Much of Nvidia's recent revenue has come from companies gobbling up any available GPUs (graphics processing units) for the massive buildout of AI data centers. Nvidia's fiscal 2024, which ended on Jan. 28, 2024, saw sales soar 126% to over $60 billion. As seen below, much of that came from the largest growth tech companies.
Image source: Statista.
Besides that high concentration in just a handful of companies, the U.S. dominated the construction of new data centers geographically. As of March 2024, it had nearly 5,400 data centers. Germany, the United Kingdom, and China followed with only about 500 each. India, the most populous country in the world, had just 152.
But Nvidia CEO Jensen Huang has recently made a point of saying that he wants to partner with India's leading industrial and technology companies to "enable India to be at the center of this new industrial revolution" of using "data to create models generating and producing intelligence at scale for all kinds of different industries."

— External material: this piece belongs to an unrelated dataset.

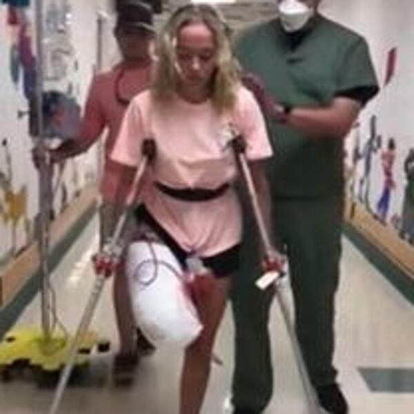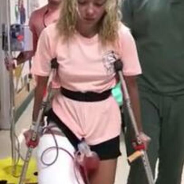 Njoj u savladavanju hoda na štakama pomažu doktor i stariji brat Ret, koji sa njom vežbaju u bolničkom hodniku.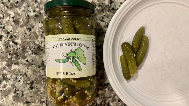 I smelled something funny and slightly artificial as soon as I opened the jar. I'm not saying that there's anything artificial going on with these pickles — the odor just made it seem so. When I bit into one, I noticed the immediate flavor was extremely sweet, almost in a hard candy-like way. Pickled candies? Not for me. This was a rare miss for Trader Joe's, and since I would actively avoid buying them from the store in the future, it was clear that the cornichons were deserving of the last place spot in this ranking.

In late October, Huang attended a fireside chat with India's Mukesh Ambani, the billionaire businessman who runs the global conglomerate Reliance Industries, with interests including energy, retail, telecommunications, and digital services. Huang expressed his desire to help transform India, with its population of nearly 1.5 billion "into a center of not just [information technology], but a center of AI."
Huang confirmed in the discussion that Nvidia has over 10,000 engineers in India, and he is considering manufacturing semiconductor chips there. He said that Nvidia and Reliance have already agreed to partner to build AI infrastructure in India.
It makes sense for Huang and Nvidia to focus on what could be one of the world's largest artificial intelligence markets. India has an immense amount of data and a giant population of users. Yet investors have been mainly concentrating on Nvidia's current GPU customers and perhaps overlooking India's potential.
Investors who have held Nvidia stock have already had their portfolio supercharged with its returns. But those who don't own it, or would like to have a larger position, shouldn't feel like it's too late to buy Nvidia.
One Wall Street analyst recently conveyed his belief in Nvidia's continued potential. Harsh Kumar of Piper Sandler has the equivalent of a buy rating on the stock. In a recent report, according to CNBC, he wrote of Nvidia's "dominant positioning in AI accelerators [and] launch of the Blackwell architecture...we see Nvidia well positioned to capture most of the incremental [total addressable market] increase while ceding only a small bit to its merchant chip competitors."
My advice is not to be concerned with how far Nvidia stock has already run in the last year. It's not too late to add to existing positions or start a new one. Doing so could still help support an investor's quest to own a million-dollar portfolio.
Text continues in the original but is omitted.